Easy-to-use image segmentation library with awesome pre-trained model zoo, supporting wide-range of practical tasks in Semantic Segmentation, Interactive Segmentation, Panoptic Segmentation, Image Matting, 3D Segmentation, etc.
https://arxiv.org/abs/2101.06175
Apache License 2.0
8.57k stars 1.68k forks source link

安装完成后用optic_disc_seg测试,在训练启动时卡住不动,也不报错 #1278

Closed liuhuaguang closed 3 years ago

liuhuaguang commented 3 years ago

1)PaddlePaddle版本:2.2 2)GPU:1080 ti, cuda 10.2,cudnn 7.6.5 3)系统环境:Windows 10 专业版19042.1165, python 3.9

运行nvcc -V: C:\Users\HUAOPT>nvcc -V nvcc: NVIDIA (R) Cuda compiler driver Copyright (c) 2005-2019 NVIDIA Corporation Built on Wed_Oct_23_19:32:27_Pacific_Daylight_Time_2019 Cuda compilation tools, release 10.2, V10.2.89

运行NVIDIA-SMI: Tue Aug 24 10:59:35 2021 +-------------------------------------------------------------------------------+ | NVIDIA-SMI 456.71 Driver Version: 456.71 CUDA Version: 11.1 | +-------------------------------------------------------------------------------+

训练配置文件:

数据集配置

DATASET: DATA_DIR: "./dataset/optic_disc_seg/" NUM_CLASSES: 2 TEST_FILE_LIST: "./dataset/optic_disc_seg/test_list.txt" TRAIN_FILE_LIST: "./dataset/optic_disc_seg/train_list.txt" VAL_FILE_LIST: "./dataset/optic_disc_seg/val_list.txt" VIS_FILE_LIST: "./dataset/optic_disc_seg/test_list.txt"

预训练模型配置

MODEL: MODEL_NAME: "deeplabv3p" DEFAULT_NORM_TYPE: "bn" DEEPLAB: BACKBONE: "xception_65"

其他配置

TRAIN_CROP_SIZE: (512, 512) EVAL_CROP_SIZE: (512, 512) AUG: AUG_METHOD: "unpadding" FIX_RESIZE_SIZE: (512, 512) BATCH_SIZE: 1 TRAIN: PRETRAINED_MODEL_DIR: "./pretrained_model/deeplabv3p_xception65_bn_coco/" MODEL_SAVE_DIR: "./saved_model/deeplabv3p_xception65_bn_optic/" SNAPSHOT_EPOCH: 5 TEST: TEST_MODEL: "./saved_model/deeplabv3p_xception65_bn_optic/final" SOLVER: NUM_EPOCHS: 10 LR: 0.001 LR_POLICY: "poly" OPTIMIZER: "adam"
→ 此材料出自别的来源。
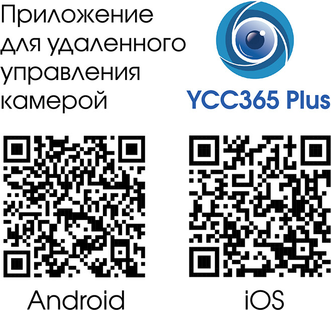 Установив бесплатное приложение YCC365 Plus и зарегистрировав в нём учетную запись и Вашу камеру, Вы получите простой и удобный доступ к удаленному управлению Wi-Fi камерой со смартфона или планшета: поворот объектива по горизонтали и по вертикали, приближение изображения (поддержка функционала PTZ), подключение к трансляции в реальном режиме времени, просмотр ранее записанных на карту памяти видео, получение «тревожных уведомлений» при обнаружении движения.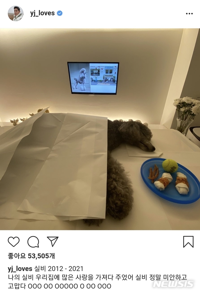 정 부회장은 지난 7일 인스타그램에 "실비 2012-2021. 나의 실비 우리 집에 많은 사랑을 가져다주었어. 실비 정말 미안하고 고맙다"는 문구와 함께 흰 천을 덮은 강아지 사진을 함께 올렸다.
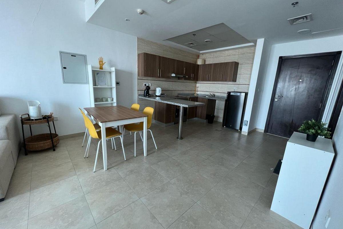 Step into this modern 1-bedroom furnished apartment in Dubai Star, featuring an open-plan living and dining area with large windows offering serene community views. The kitchen is fully equipped, and the bedroom includes built-in wardrobes. The sleek bathroom complements the overall contemporary design, perfect for comfortable living.Property Features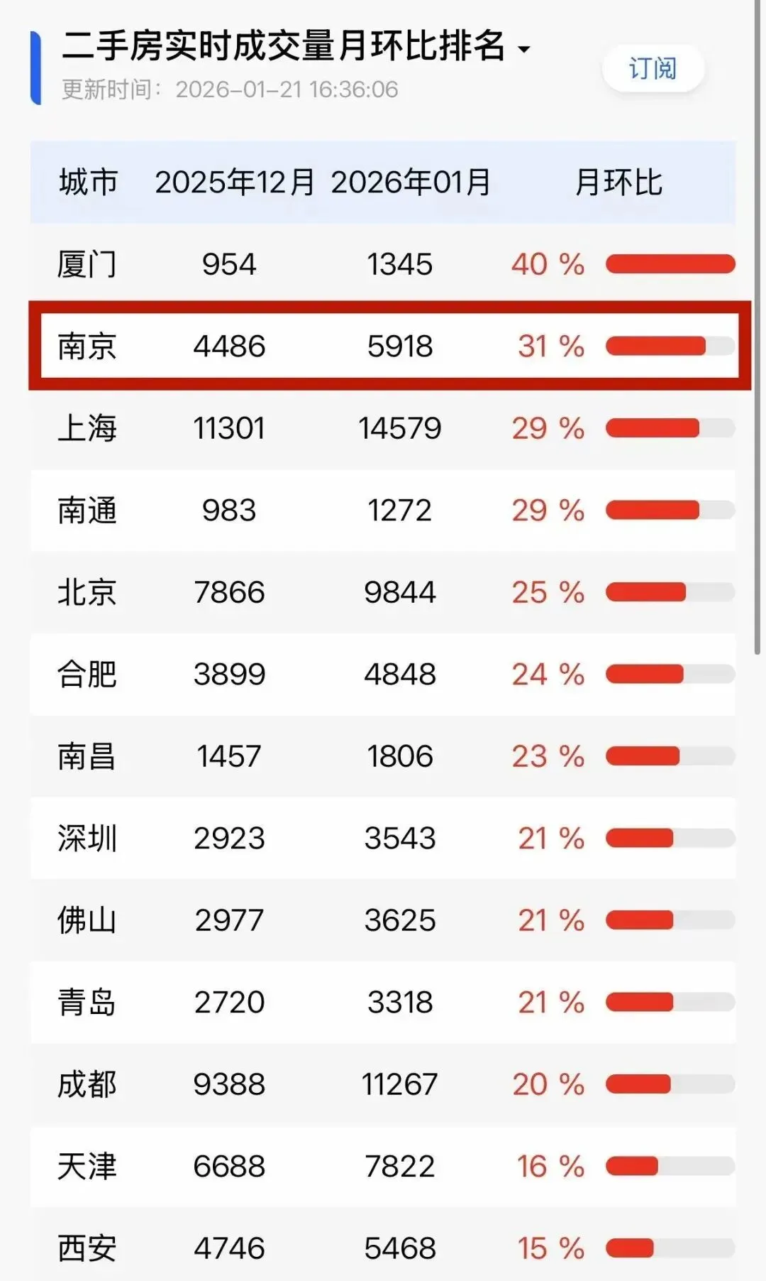最新冰山指数数据显示,南京二手房 1 月成交量环比暴涨 31%,干到了全国第二!直接甩开北京、深圳等一线核心城市,势头简直不要太猛!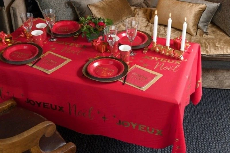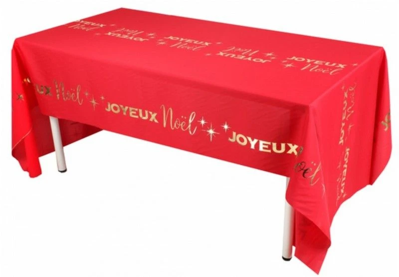 SANTEX 8097-7, Nappe Joyeux Noël Chic, 2,56m Or/Rouge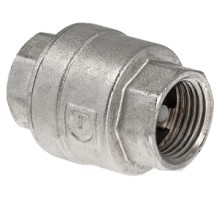 Пружинный обратный клапан с золотниковым механизмом (шток, верхняя, нижняя тарелки) из нейлона (стеклонаполненный полиамид), отличающегося механической, термической, химической стойкостью. Материал пружины – нержавеющая сталь AISI 306. Корпус изделия изготовлен способом объемного горячего штампования из высококачественной латуни CW617N (евростандарт EN12165) с нанесением гальванопокрытия (никелирование). Диапазон рабочих температур: –20… +90 °С. Номинальное давление – 25–40 бар (зависит от типоразмера). Резьба присоединения – внутренняя. Направление потока указано стрелкой на корпусе. Данный обратный клапан монтируется в любом положении, трущиеся поверхности отсутствуют.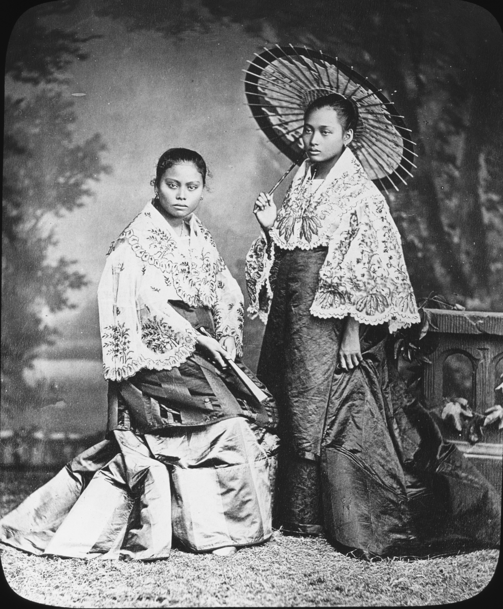 Skioptikonbild. Porträtt av två kvinnor från sydostasien.
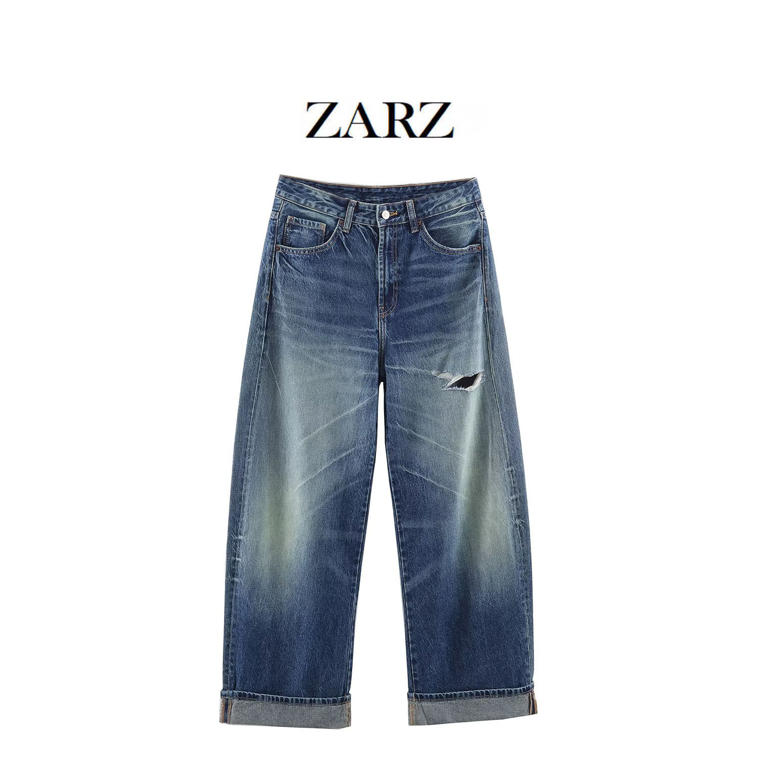 ZARZ 自制 欧美风 新款女装 经典款 中腰宽松破洞牛仔裤4365236

训练指令: python pdseg/train.py --cfg ./configs/deeplabv3p_xception65_optic.yaml

教程地址: https://www.paddlepaddle.org.cn/modelbasedetail/deeplabv3plus

在多次训练时,发现多次会运行到“Use multi-thread reader”就卡住不动(时间超过12小时),偶尔几次可以正常运行,但是会报错,错误如下:Cuda error(719),unspecified launch failure。

请问是什么问题导致的呢?目前的环境我运行PaddleDetection没有任何问题,就PaddleSeg会这样。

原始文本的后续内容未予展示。